- [Try it] Go to the line with "Cartucho de juego" in the entries below and write out every line from there through the line with "And so, what", exactly and without pictures.

(Data entries)
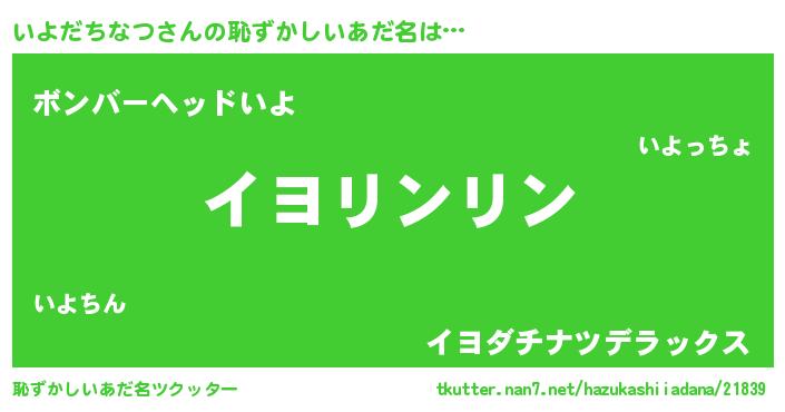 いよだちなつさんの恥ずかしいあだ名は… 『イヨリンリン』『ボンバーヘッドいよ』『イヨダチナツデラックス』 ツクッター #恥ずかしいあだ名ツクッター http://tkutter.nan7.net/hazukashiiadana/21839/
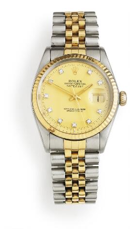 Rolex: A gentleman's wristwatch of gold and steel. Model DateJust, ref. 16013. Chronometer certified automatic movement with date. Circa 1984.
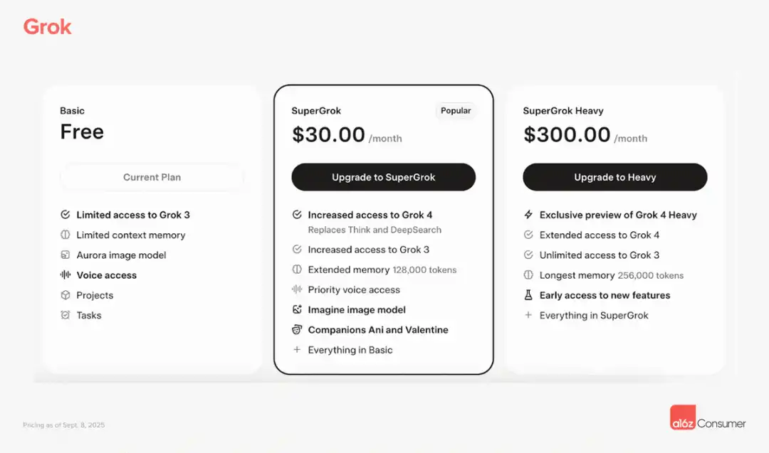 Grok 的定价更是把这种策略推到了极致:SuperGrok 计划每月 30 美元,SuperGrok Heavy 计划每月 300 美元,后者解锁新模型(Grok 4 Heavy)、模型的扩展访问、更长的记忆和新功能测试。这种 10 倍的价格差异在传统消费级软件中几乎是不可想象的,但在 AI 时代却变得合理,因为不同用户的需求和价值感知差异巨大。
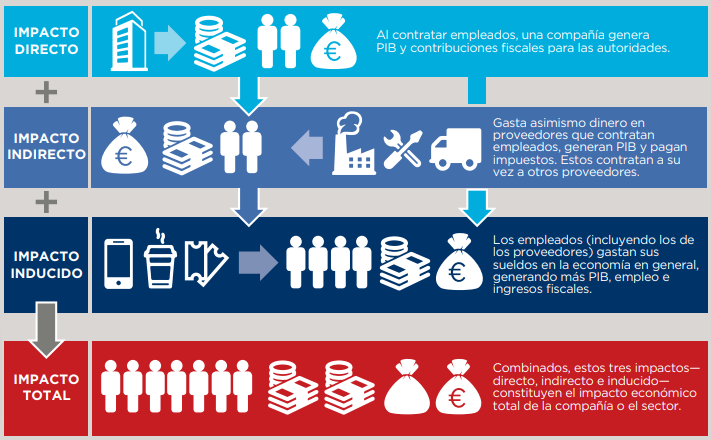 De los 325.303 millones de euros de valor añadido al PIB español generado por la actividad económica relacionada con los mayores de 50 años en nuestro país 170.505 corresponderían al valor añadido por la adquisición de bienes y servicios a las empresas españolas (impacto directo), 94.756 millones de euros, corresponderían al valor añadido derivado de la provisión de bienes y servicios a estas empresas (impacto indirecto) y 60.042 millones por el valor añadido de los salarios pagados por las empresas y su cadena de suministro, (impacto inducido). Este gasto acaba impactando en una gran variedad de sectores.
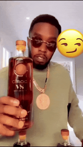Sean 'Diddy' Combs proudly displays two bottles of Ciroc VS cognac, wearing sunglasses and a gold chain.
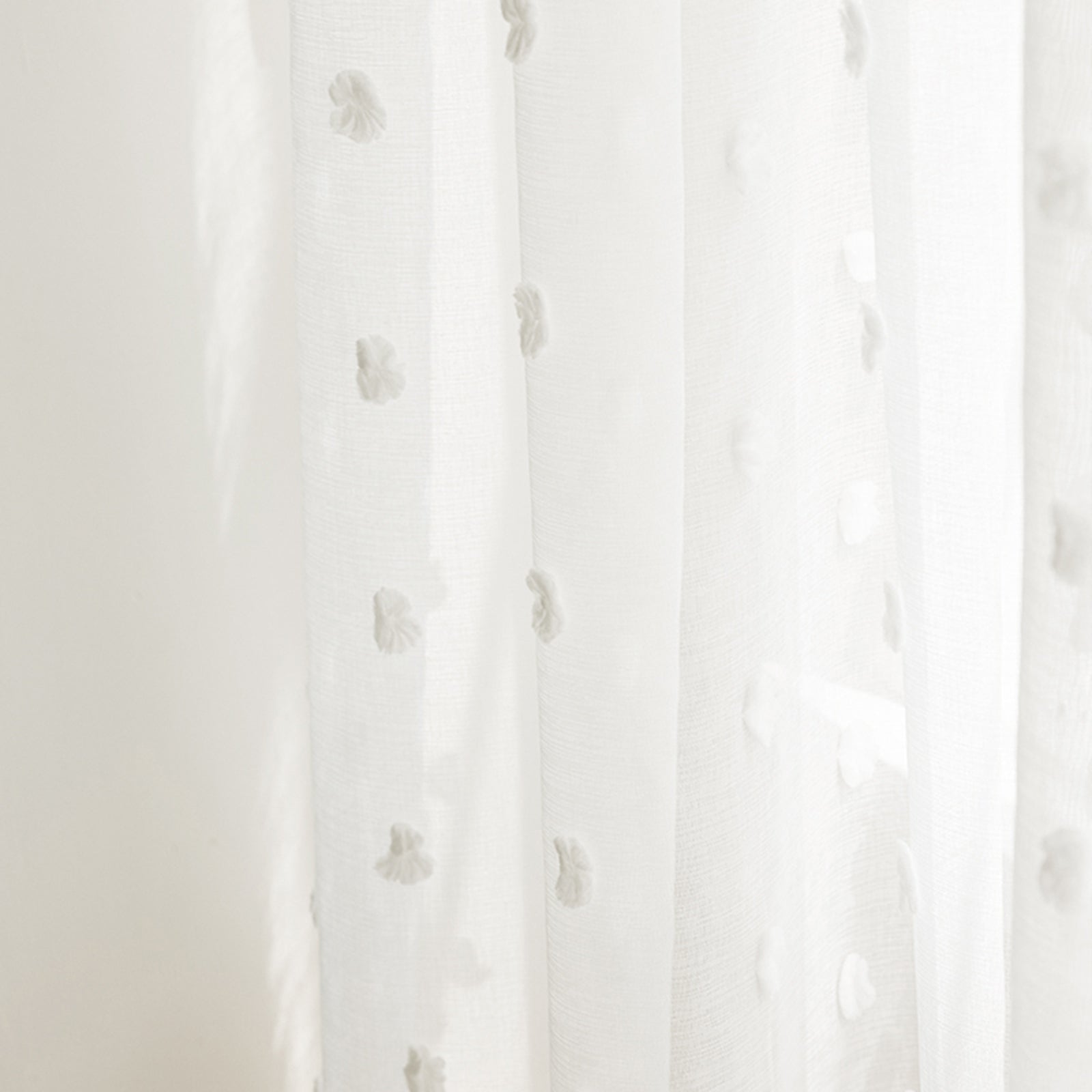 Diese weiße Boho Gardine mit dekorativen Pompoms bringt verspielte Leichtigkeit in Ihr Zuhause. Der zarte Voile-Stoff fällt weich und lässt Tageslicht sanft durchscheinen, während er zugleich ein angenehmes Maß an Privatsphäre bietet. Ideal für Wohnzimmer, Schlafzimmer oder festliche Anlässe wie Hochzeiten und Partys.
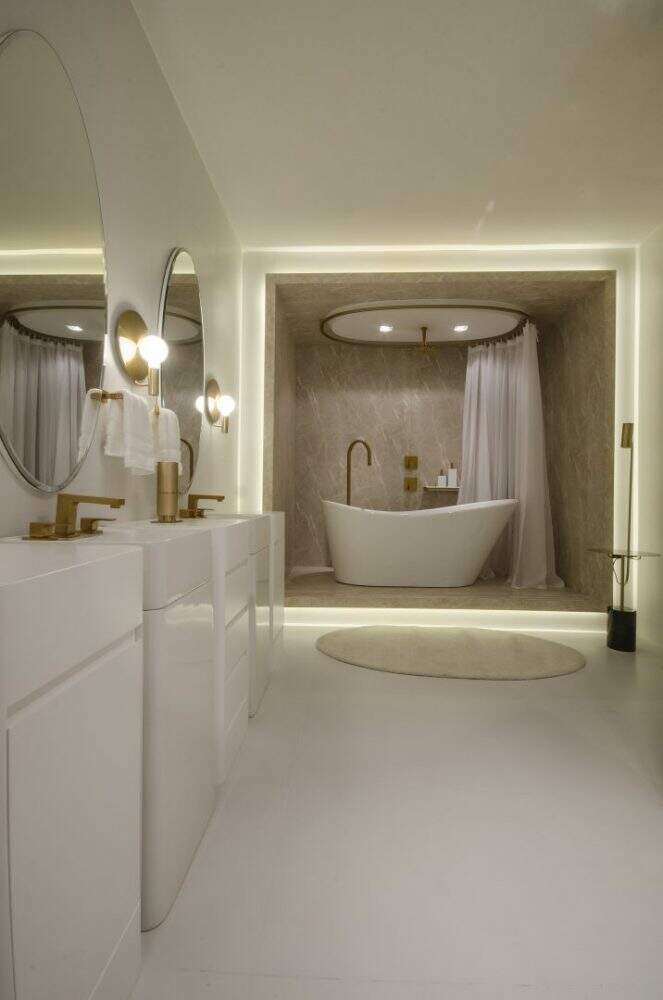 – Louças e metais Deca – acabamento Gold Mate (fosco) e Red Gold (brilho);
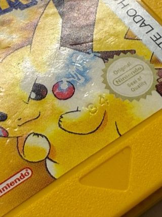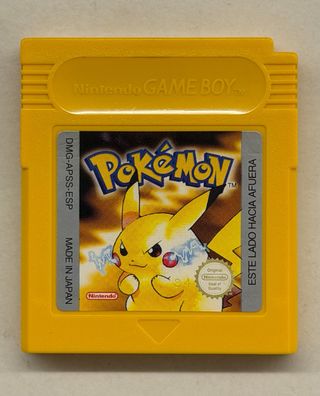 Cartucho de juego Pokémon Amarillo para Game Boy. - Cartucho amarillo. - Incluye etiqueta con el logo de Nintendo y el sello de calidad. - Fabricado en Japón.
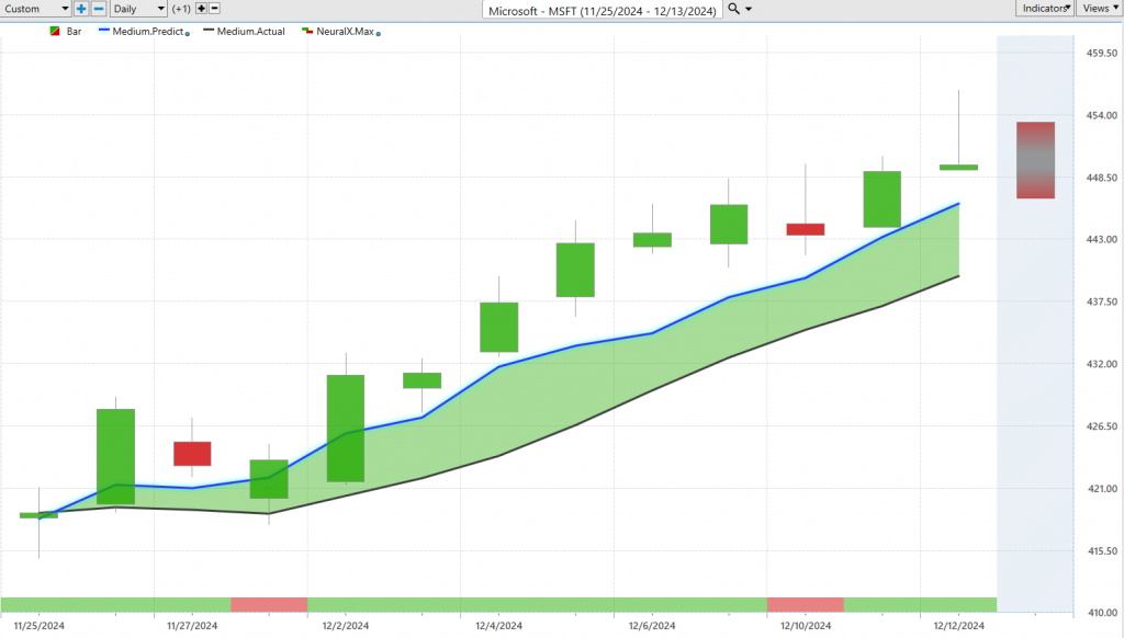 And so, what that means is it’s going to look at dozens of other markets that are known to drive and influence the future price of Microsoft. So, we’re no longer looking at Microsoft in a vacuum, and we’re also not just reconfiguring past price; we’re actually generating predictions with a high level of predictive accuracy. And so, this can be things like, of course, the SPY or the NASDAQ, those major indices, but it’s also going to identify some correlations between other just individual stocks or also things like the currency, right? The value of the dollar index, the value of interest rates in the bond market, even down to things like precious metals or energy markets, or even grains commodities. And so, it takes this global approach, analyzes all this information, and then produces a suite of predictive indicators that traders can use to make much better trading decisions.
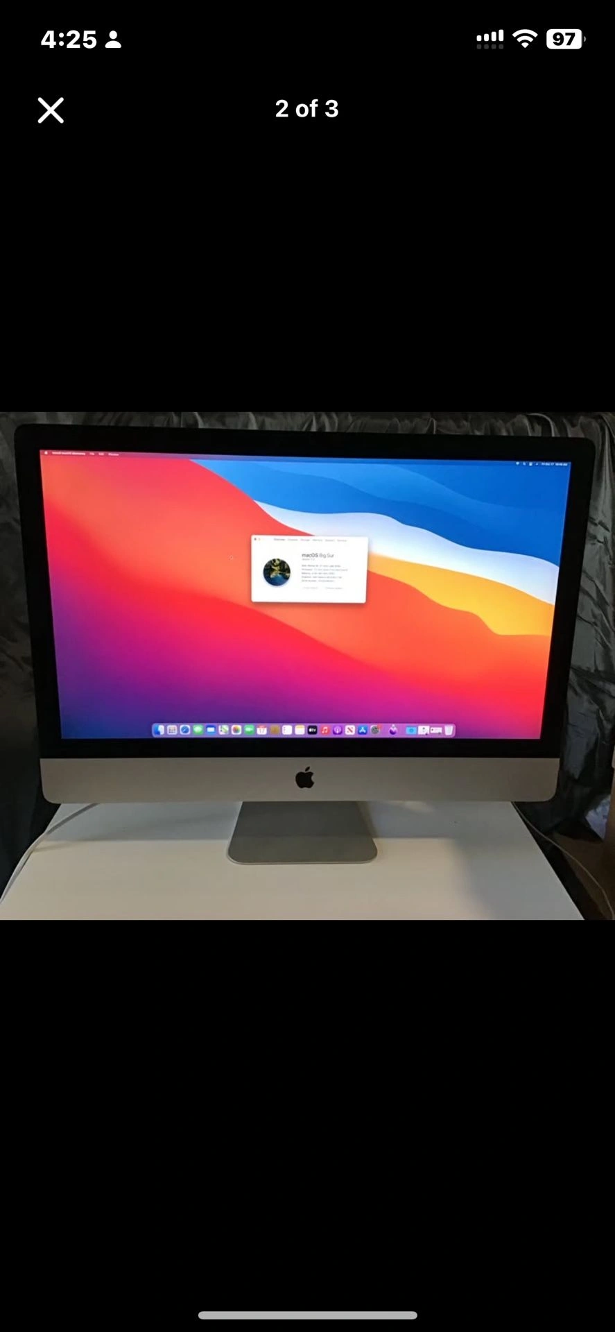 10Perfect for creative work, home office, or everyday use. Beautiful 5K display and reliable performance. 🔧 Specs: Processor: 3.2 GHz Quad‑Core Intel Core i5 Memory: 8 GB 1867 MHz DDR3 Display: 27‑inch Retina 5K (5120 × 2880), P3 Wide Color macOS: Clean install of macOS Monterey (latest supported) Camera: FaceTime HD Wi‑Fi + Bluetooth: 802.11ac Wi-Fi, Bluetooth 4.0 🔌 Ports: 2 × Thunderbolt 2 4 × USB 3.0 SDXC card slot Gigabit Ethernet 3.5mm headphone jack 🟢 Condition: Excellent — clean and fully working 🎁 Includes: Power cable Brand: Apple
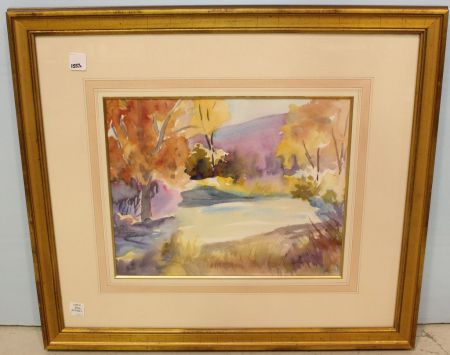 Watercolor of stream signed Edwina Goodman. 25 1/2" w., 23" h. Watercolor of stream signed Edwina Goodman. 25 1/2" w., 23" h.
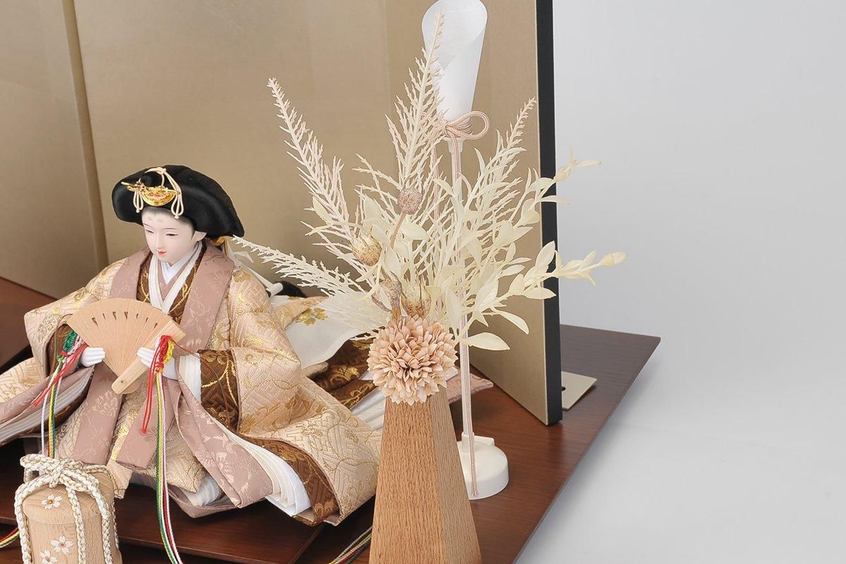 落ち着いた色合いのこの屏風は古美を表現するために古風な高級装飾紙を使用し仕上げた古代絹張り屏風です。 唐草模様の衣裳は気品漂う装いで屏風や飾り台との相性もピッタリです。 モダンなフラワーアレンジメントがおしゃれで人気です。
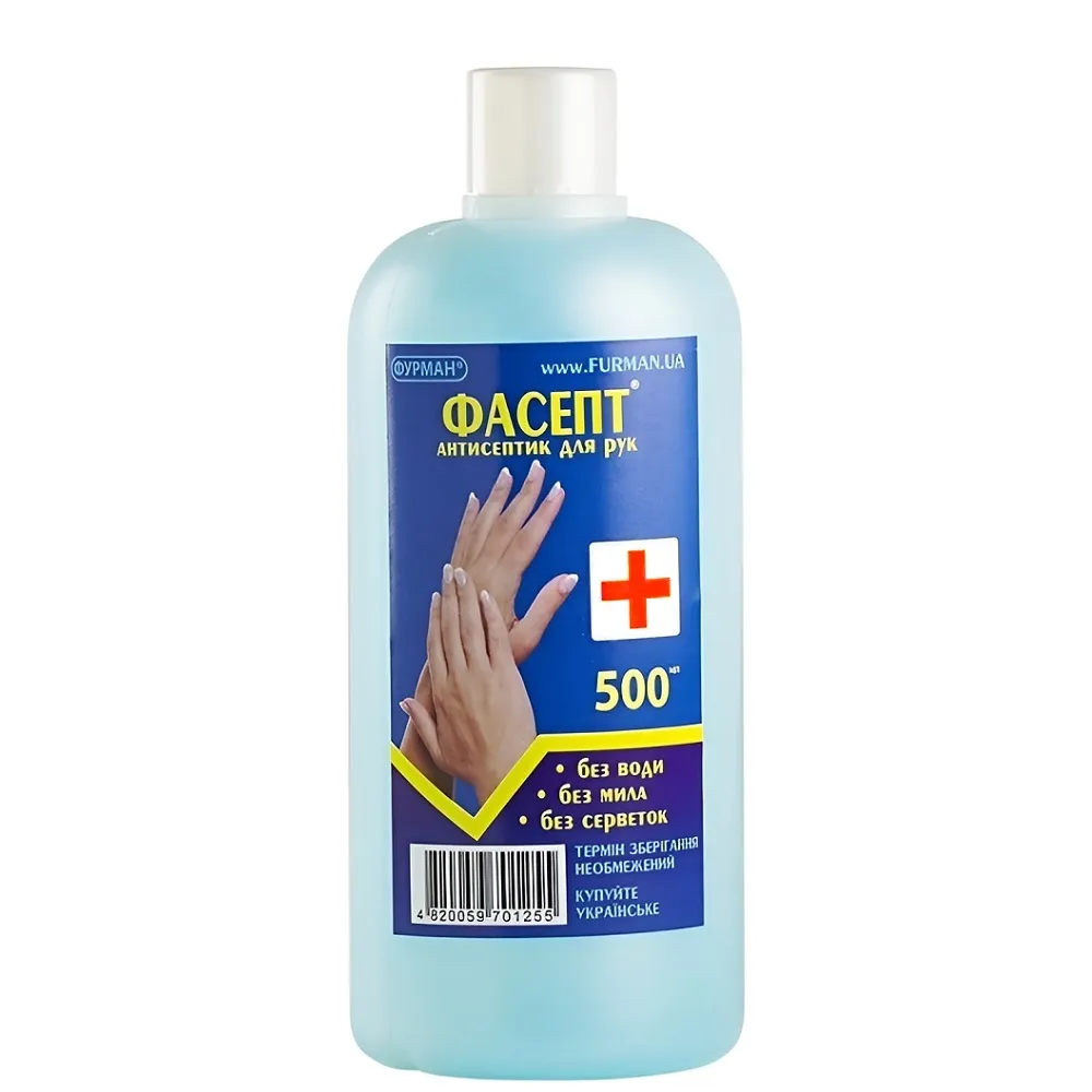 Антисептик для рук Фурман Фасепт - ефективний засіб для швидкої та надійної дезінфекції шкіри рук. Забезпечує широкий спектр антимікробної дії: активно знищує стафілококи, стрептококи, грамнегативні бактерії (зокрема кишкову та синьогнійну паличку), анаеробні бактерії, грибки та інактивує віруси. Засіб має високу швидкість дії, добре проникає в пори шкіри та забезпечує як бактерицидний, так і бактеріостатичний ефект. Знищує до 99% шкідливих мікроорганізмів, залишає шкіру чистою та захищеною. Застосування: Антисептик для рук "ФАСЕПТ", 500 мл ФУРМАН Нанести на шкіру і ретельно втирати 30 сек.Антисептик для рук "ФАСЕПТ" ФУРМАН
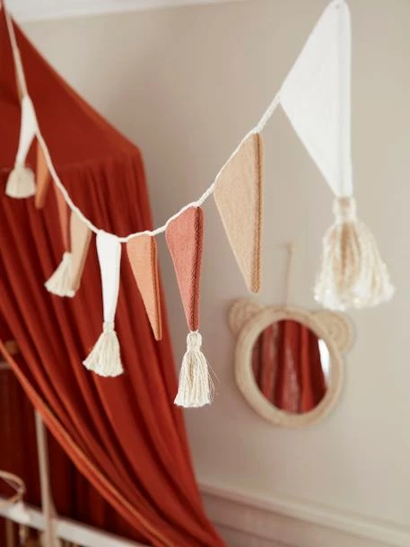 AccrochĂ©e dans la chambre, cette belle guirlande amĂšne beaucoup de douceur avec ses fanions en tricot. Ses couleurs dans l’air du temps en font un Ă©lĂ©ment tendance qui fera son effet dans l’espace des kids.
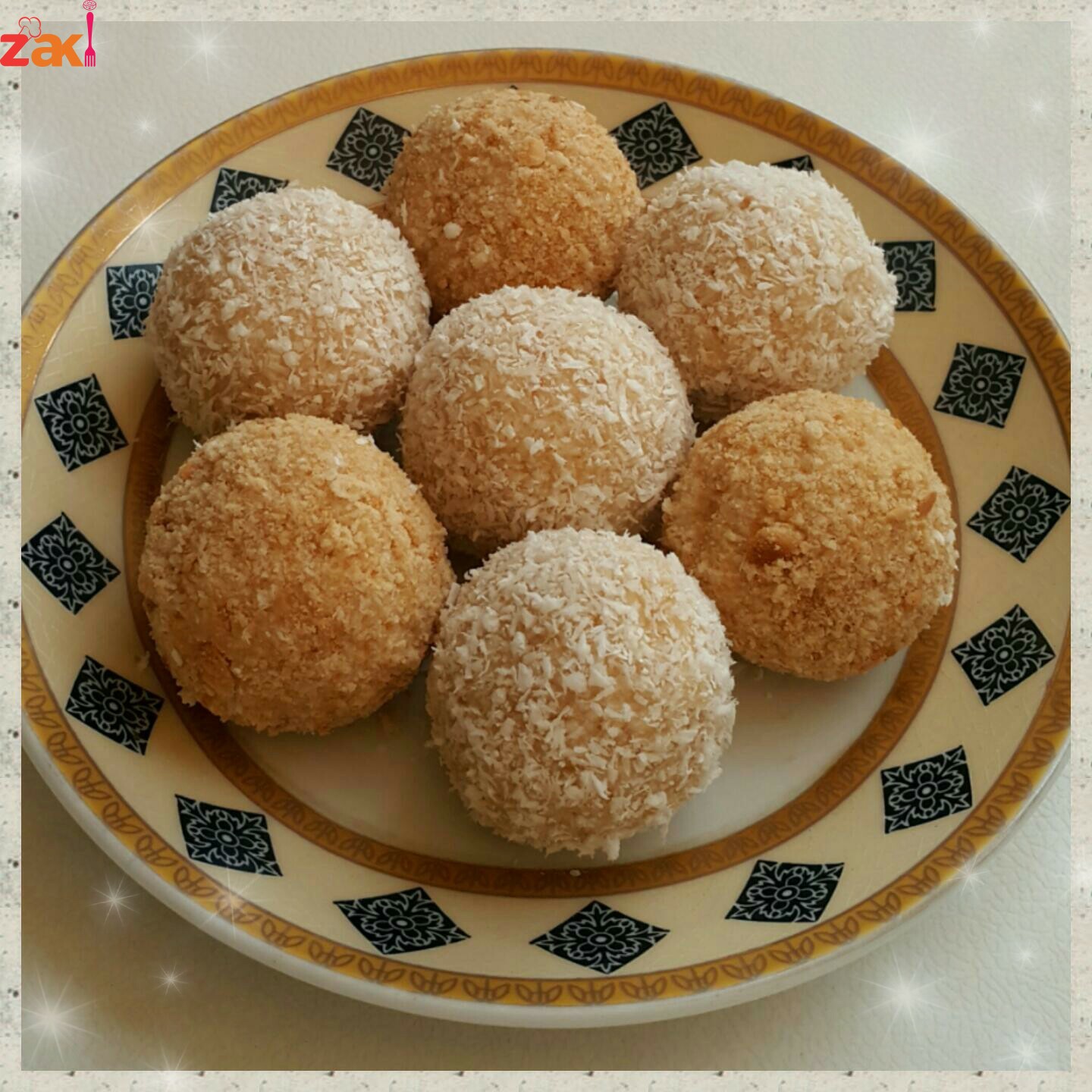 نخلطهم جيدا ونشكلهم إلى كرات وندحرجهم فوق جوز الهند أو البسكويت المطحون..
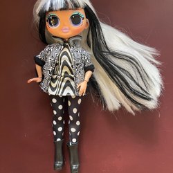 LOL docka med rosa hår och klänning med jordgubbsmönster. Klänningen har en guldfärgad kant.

- [Your solution]
 Cartucho de juego Pokémon Amarillo para Game Boy. - Cartucho amarillo. - Incluye etiqueta con el logo de Nintendo y el sello de calidad. - Fabricado en Japón.
 And so, what that means is it’s going to look at dozens of other markets that are known to drive and influence the future price of Microsoft. So, we’re no longer looking at Microsoft in a vacuum, and we’re also not just reconfiguring past price; we’re actually generating predictions with a high level of predictive accuracy. And so, this can be things like, of course, the SPY or the NASDAQ, those major indices, but it’s also going to identify some correlations between other just individual stocks or also things like the currency, right? The value of the dollar index, the value of interest rates in the bond market, even down to things like precious metals or energy markets, or even grains commodities. And so, it takes this global approach, analyzes all this information, and then produces a suite of predictive indicators that traders can use to make much better trading decisions.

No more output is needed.